Pith reviewed 2026-07-01 05:35 UTC · model grok-4.3
The pith
OVOW turns a monocular video into instance-level, simulation-ready 4D mesh scenes without training.
A machine-rendered reading of the paper's core claim, the machinery that carries it, and where it could break.
Core claim
We introduce OVOW, the first training-free system that reconstructs instance-level, simulation-ready 4D mesh scenes from a single monocular video. The system follows a four-stage pipeline: vision-language model for instance discovery, labeling and motion classification; category-aware reconstruction for meshes; iterative render-match-optimize for scale and 6-DoF poses; and physics-grounded assembly for ground contact and support. Motion is handled via direct vertex deformation without priors or rigging, producing watertight meshes for simulation and editing. It also sets a benchmark for Video-to-4D and can generate synthetic data.
What carries the argument
The four-stage OVOW pipeline using vision-language model instance discovery and direct vertex deformation to produce watertight, simulation-ready 4D meshes.
If this is right
- The reconstructed scenes can be directly input to physics simulators for stability checks.
- Performance on synthetic benchmarks shows best layout and geometry accuracy with lowest errors.

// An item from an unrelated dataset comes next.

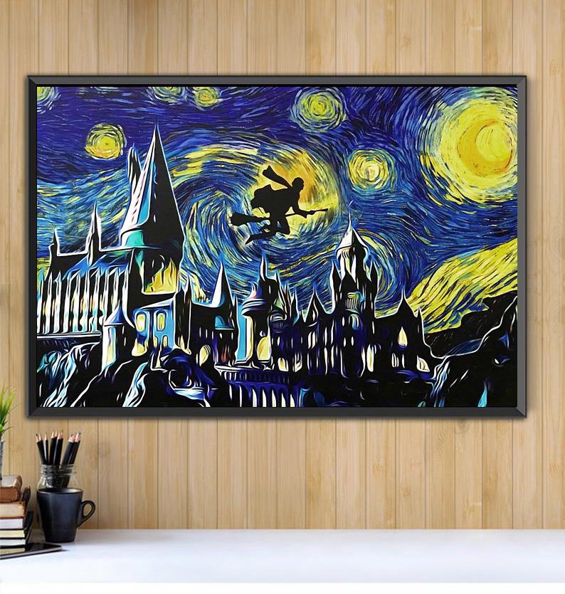 Harry Potter Riding Broom Starry Night Canvas

- The system runs one to two orders of magnitude faster than baselines on monocular video.
- It doubles as an engine for creating paired video and 4D simulation data.
Where Pith is reading between the lines
- If accurate, this could provide a way to bootstrap physical understanding in AI from passive video observation.

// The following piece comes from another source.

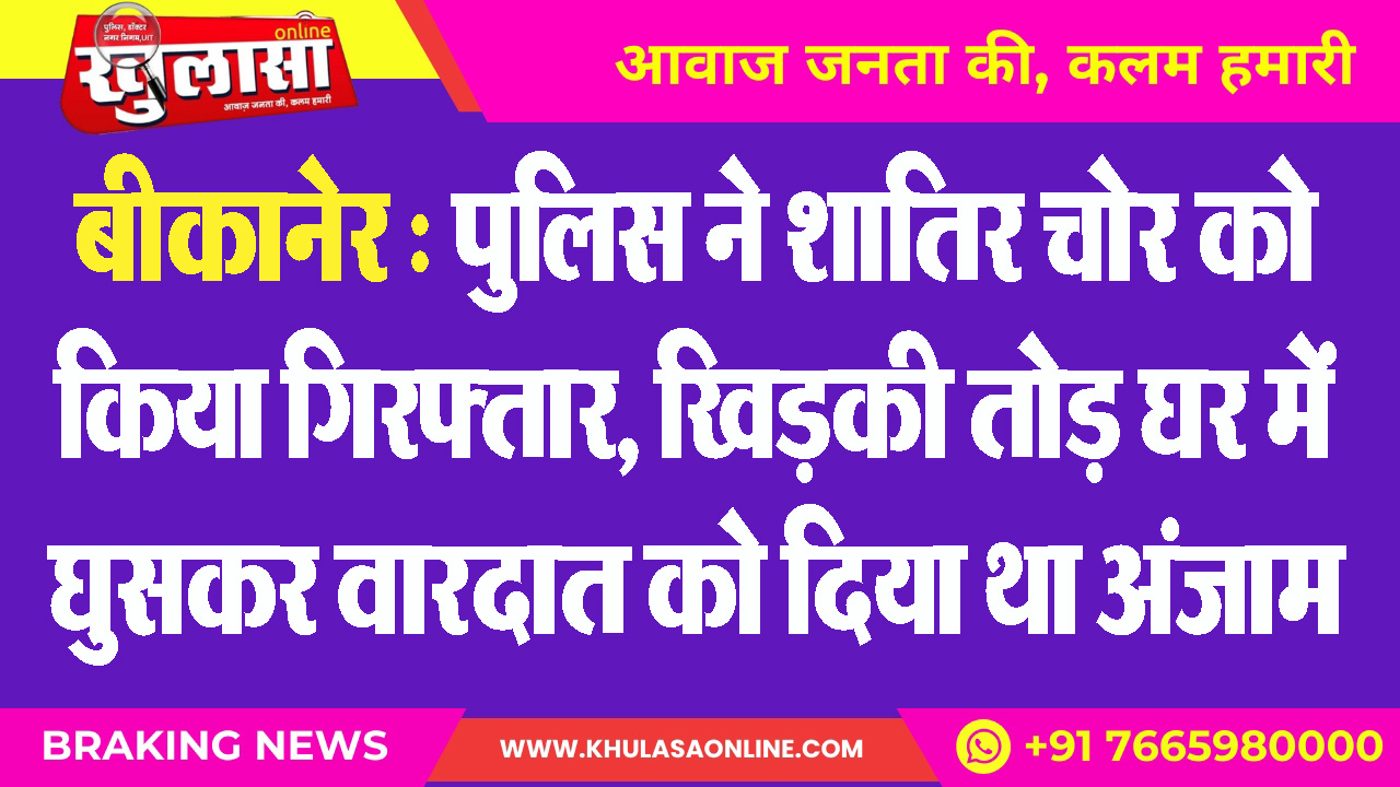 बीकानेर : पुलिस ने शातिर चोर को किया गिरफ्तार, खिडक़ी तोड़ घर में घुसकर वारदात को दिया था अंजाम

- Future work might test the pipeline on real-world videos with more varied lighting and occlusions.
- The benchmark could become standard for comparing methods on physical plausibility rather than just visual quality.
- Applications in robotics could use the output for planning interactions with the reconstructed scenes.
Load-bearing premise
The vision-language model can correctly identify and classify every instance in the video so errors do not cascade into bad reconstructions or unstable physics.
What would settle it
A counterexample would be if the assembled 4D meshes exhibit inter-object collisions or objects sinking through the floor when simulated in a physics engine, or if they fail to match ground-truth geometry on the proposed benchmark.
Figures
read the original abstract
We introduce \textbf{OVOW}, the first training-free system that reconstructs \emph{instance-level, simulation-ready} 4D mesh scenes from a single monocular video. Recent 4D reconstruction achieves impressive rendering quality, but its outputs (\eg, implicit fields, Gaussian primitives, or point clouds) lack the watertight topology, instance separation, and standardized physical interfaces required by physics simulators and embodied AI. OVOW closes this gap with a four-stage pipeline: a vision-language model discovers, labels, and motion-classifies all instances; category-aware reconstruction yields per-instance meshes for rigid objects and topology-consistent mesh sequences for deformable ones; an iterative render-match-optimize procedure recovers metric scale and 6-DoF pose trajectories; and physics-grounded assembly enforces ground contact and inter-object support. Crucially, we model all motion, rigid and non-rigid, through direct vertex deformation without category-specific priors or skeleton rigging, producing watertight mesh scenes ready for downstream physics simulation and editing. We further establish the first benchmark for \emph{structured Video-to-4D} evaluation, with metrics for geometric correctness, instance separation, and physical plausibility beyond visual fidelity; the same pipeline doubles as a scalable engine for \emph{synthesizing} paired video-to-4D simulation data for future 4D world models and embodied AI. Across two synthetic benchmarks (static and 4D), OVOW attains the best overall layout and geometry accuracy and the lowest photometric and semantic error among all baselines, and on monocular video runs one to two orders of magnitude faster than the baselines, while downstream physics simulation confirms its physical stability.
Editorial analysis
A structured set of objections, weighed in public.
Referee Report
Summary. The paper introduces OVOW, a training-free four-stage pipeline for reconstructing instance-level, simulation-ready 4D mesh scenes from monocular video: (1) a vision-language model discovers, labels, and motion-classifies instances; (2) category-aware reconstruction produces per-instance meshes (rigid) or topology-consistent sequences (deformable); (3) iterative render-match-optimize recovers metric scale and 6-DoF trajectories; (4) physics-grounded assembly enforces contacts and support. All motion is modeled via direct vertex deformation. The work claims state-of-the-art layout/geometry/photometric/semantic accuracy on two synthetic benchmarks, 1-2 orders of magnitude faster runtime on monocular video, physical stability in downstream simulation, and introduces a new structured Video-to-4D benchmark; the pipeline also doubles as a data generator for future 4D world models.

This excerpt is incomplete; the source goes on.